Faye A. Schofield of Disability and Veterans' Lawyers, LLC, Panama City Beach, Florida, for petitioner.
Submitted on mandamus petition only.
FRIDY, Judge.
Joy Ann Kelley ("the wife") petitions this court for a writ of mandamus directing the Colbert Circuit Court ("the trial court") to vacate an order ("the July 2 order") entered by the trial court on July 2, 2020, in a divorce action the wife had brought against Steven Hunter Kelley ("the husband"). Because we conclude that the trial court lacked subject-matter jurisdiction to enter the July 2 order, we grant the wife's petition and issue the writ.
Procedural History
In 2014, the wife commenced an action for a legal separation from the husband in the Lauderdale Circuit Court. She subsequently amended her complaint to seek a divorce. Thereafter, the Lauderdale Circuit Court entered an order directing that the parties refrain from transferring or disposing of assets for purposes other than their usual, normal, and ordinary living expenses. After the entry of that order, the action was transferred to the trial court on the ground that the trial court was the proper venue for the action.
Following a trial, the trial court entered an amended final judgment on February 4, 2020 ("the February 4 judgment"). Among other things, the February 4 judgment found both parties in contempt; found that the wife had willfully disposed of personal property belonging to the husband with a total value of $26,586; found that the husband had willfully failed to pay the wife pendente lite alimony totaling $34,125; awarded the wife $7,539, which represented the difference between the $34,125 in unpaid pendente lite alimony and the $26,586 value of the husband's personal property disposed of by the wife; awarded the wife $18,266, which represented one-half of the value of the husband's retirement account on the date the parties had separated; and awarded the wife $2,400, which represented the value of her one-half interest in the parties’ automobile. The February 4 judgment also ordered the wife to return to the husband within 10 days of the entry of that judgment certain personal property that had a total value of $55,600.

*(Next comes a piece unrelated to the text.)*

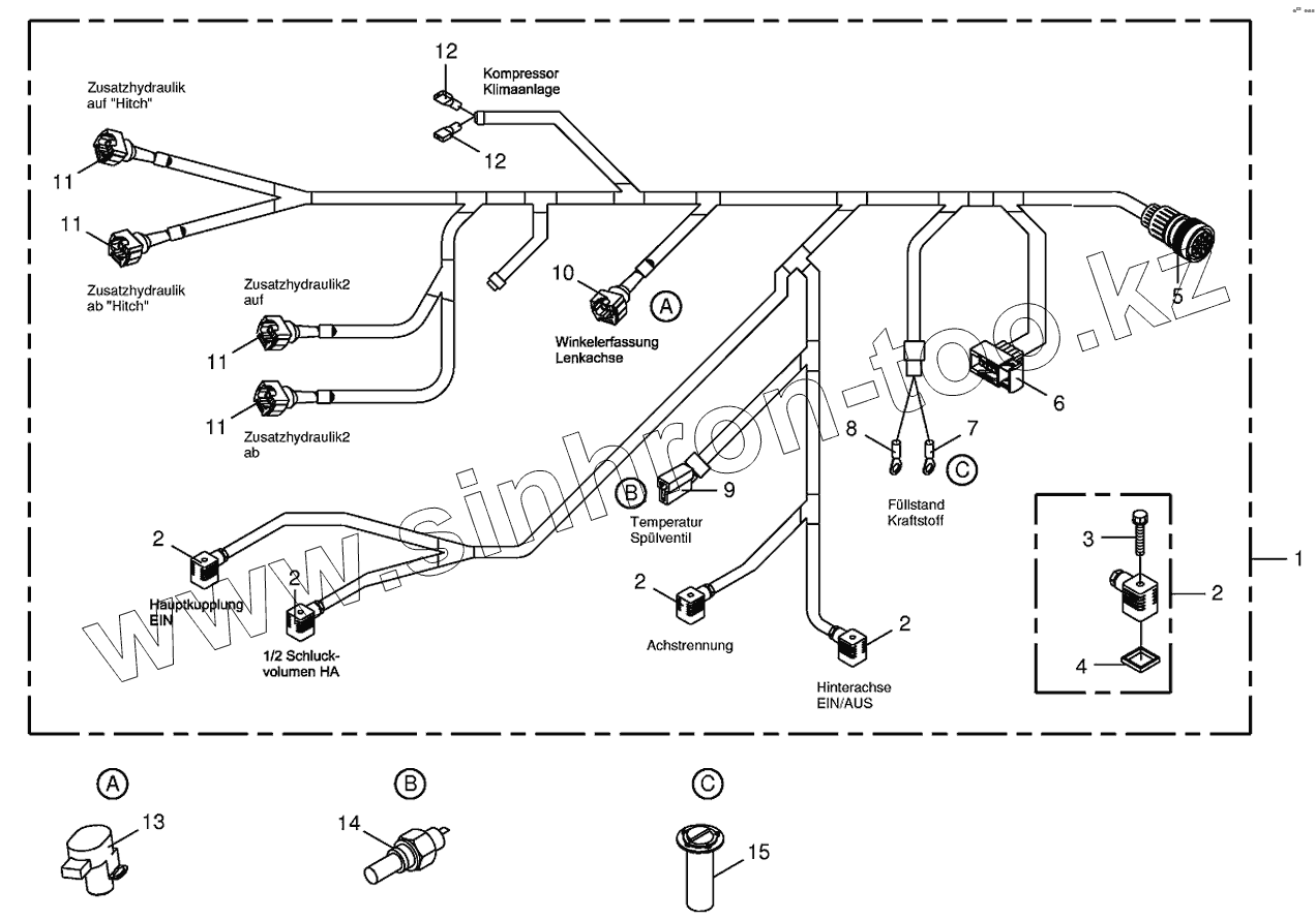Каталог запасных частей к технике: KRONE BIG-X-500. Wiring Harness-rear/drive valve

On February 20, 2020, the wife filed a document notifying the trial court and the husband that she was unable to fully comply with the February 4 judgment because, she said, the personal property she had been ordered to return to the husband consisted of some items that were no longer in her possession, some items that had been destroyed in a flood, and some items that she was unaware existed.
On February 21, 2020, the husband filed a motion ("the February 21 motion") in which he asked the trial court to find the wife in contempt for her failure to comply with the February 4 judgment; to award him $55,600 in lieu of the personal property the wife claimed she was unable to return to the husband; to deduct from that $55,600 the aggregate total of the monetary amounts awarded the wife in the February 4 judgment, which was $28,205; and, after deducting that $28,205, to award the husband the net amount of $27,395. On July 2, 2020, the trial court entered the July 2 order. In that order, the trial court purported to deny the husband's contempt claim but purported to treat the February 21 motion as a Rule 59(e), Ala. R. Civ. P., motion to alter, amend, or vacate the February 4 judgment and, as so treated, purported to amend the February 4 judgment by setting aside all the monetary awards to both parties contained in that judgment and by awarding the husband $1,000, which represented the amount of the penalty he would incur as a result of his being unable to discharge his obligation to transfer to a third party certain items of the personal property the February 4 judgment had ordered the wife to return to the husband.
On August 21, 2020, the wife filed her petition for a writ of mandamus. This court called for an answer; however, neither the trial court nor the husband filed an answer to the wife's petition.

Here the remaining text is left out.